COLLECTED DATA below:

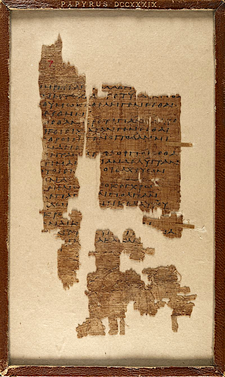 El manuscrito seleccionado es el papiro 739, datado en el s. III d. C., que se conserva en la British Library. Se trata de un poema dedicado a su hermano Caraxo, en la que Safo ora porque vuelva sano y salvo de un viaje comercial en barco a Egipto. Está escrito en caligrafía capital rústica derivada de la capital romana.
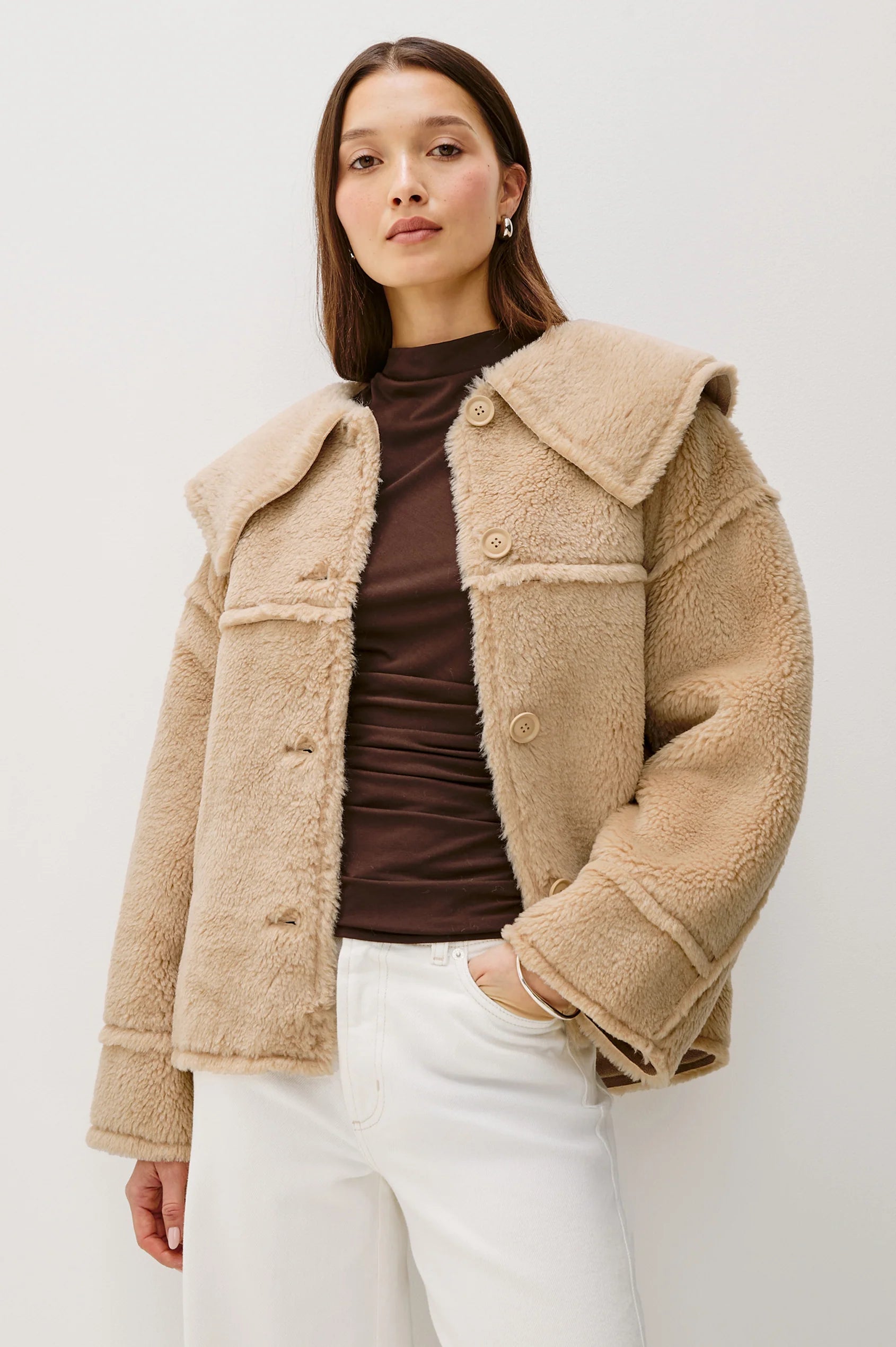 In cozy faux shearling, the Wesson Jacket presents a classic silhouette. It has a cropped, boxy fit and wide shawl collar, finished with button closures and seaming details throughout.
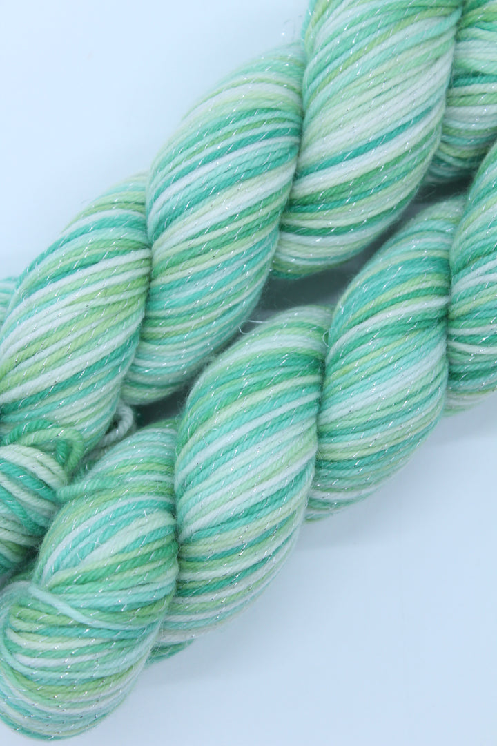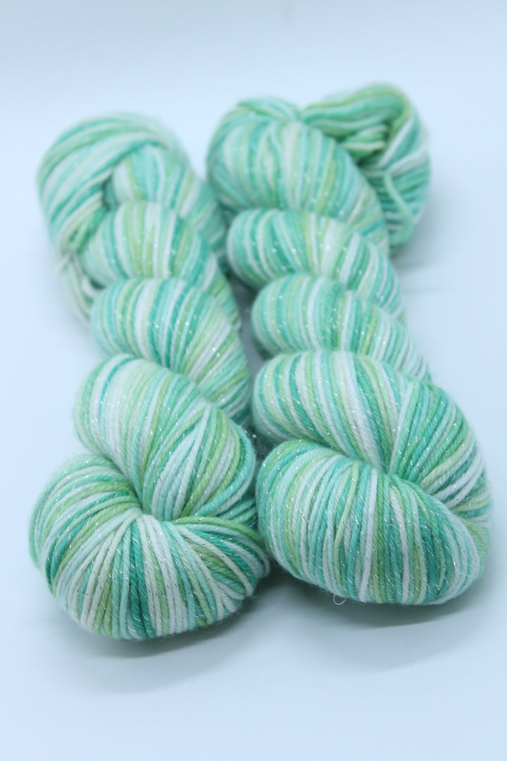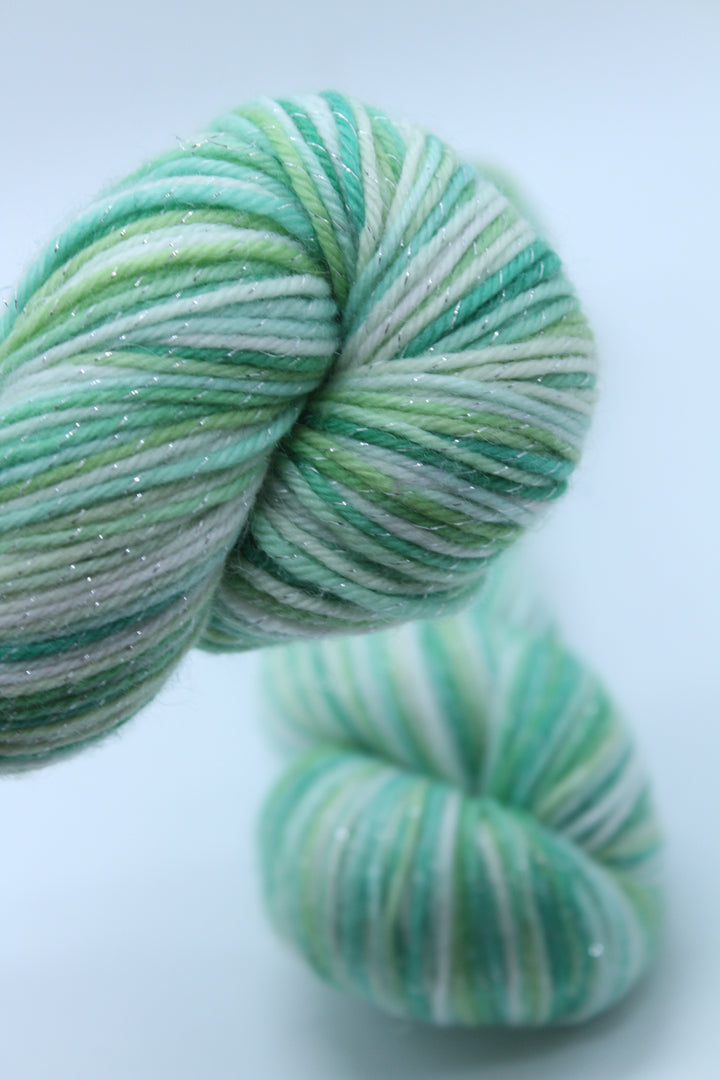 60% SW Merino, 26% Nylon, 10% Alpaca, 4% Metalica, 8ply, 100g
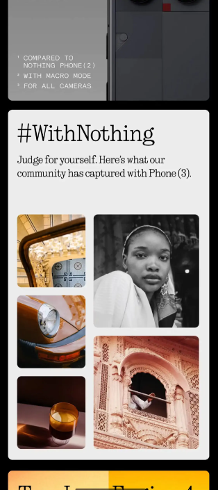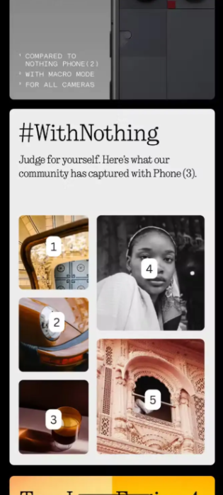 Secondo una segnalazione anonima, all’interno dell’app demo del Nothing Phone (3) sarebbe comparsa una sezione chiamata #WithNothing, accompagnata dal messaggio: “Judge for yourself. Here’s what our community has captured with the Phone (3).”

End of COLLECTED DATA.

== EXERCISE DESCRIPTION ==
Retype the entire listing exactly as it appears, dropping only the pictures.

== WRITTEN RESPONSE ==
 El manuscrito seleccionado es el papiro 739, datado en el s. III d. C., que se conserva en la British Library. Se trata de un poema dedicado a su hermano Caraxo, en la que Safo ora porque vuelva sano y salvo de un viaje comercial en barco a Egipto. Está escrito en caligrafía capital rústica derivada de la capital romana.
 In cozy faux shearling, the Wesson Jacket presents a classic silhouette. It has a cropped, boxy fit and wide shawl collar, finished with button closures and seaming details throughout.
 60% SW Merino, 26% Nylon, 10% Alpaca, 4% Metalica, 8ply, 100g
 Secondo una segnalazione anonima, all’interno dell’app demo del Nothing Phone (3) sarebbe comparsa una sezione chiamata #WithNothing, accompagnata dal messaggio: “Judge for yourself. Here’s what our community has captured with the Phone (3).”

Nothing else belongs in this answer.